A normal search for an entry-level data science job often goes like this…
You hit Google, type entry level data science jobs. Indeed.com and Glassdoor.com are at the top. You follow the links and find a very impressive list of companies looking for junior data scientists.
So you click on each one and start reading the job descriptions, job requirements and salaries and everything is very amazing, except one thing. Want to know what it is?
They need at least one year of previous professional experience as a data scientist.
They said they needed a beginner? What part of a beginner has to do with having previous work experience? Are they nuts or something?
I know it sounds really frustrating.
You need experience to get an entry-level data science job, but without the job, you can’t get the experience. So how do you get experience if no one will give you a job to give you experience?

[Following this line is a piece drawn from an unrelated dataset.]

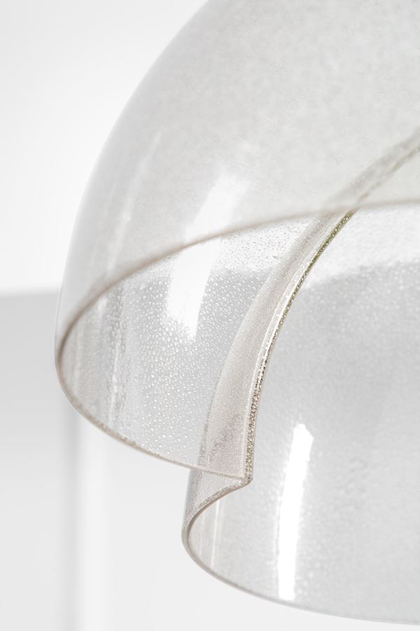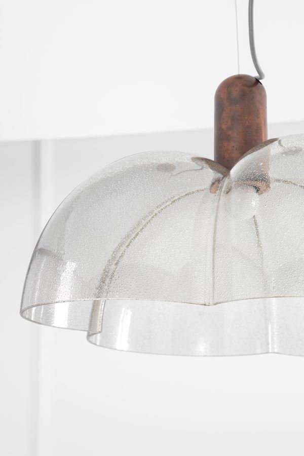 Vetro fumè a bollicine soffiato in stampo, ottone effetto rame.

Well, in this article we are going to look at a simple 5 step process to use to get a junior data science job even if you don’t have experience. It is part of my guide on how to become a data scientist without a degree in 2021.
If you follow all the steps I’ll outline in this guide, you’ll realize where most junior data scientists get it wrong, fix it and stay ahead of the competition. Then you won’t grind your teeth again whenever a recruiter asks you for experience for a junior data science job.
Let’s get started.
I know I said that I am going to show you how to get a job in data science without experience.
I lied. You CAN’T.
Let me explain what I mean by this.
If you can’t demonstrate some level of experience working with data and creating models, then no one is going to trust you enough to pay you for an entry-level position.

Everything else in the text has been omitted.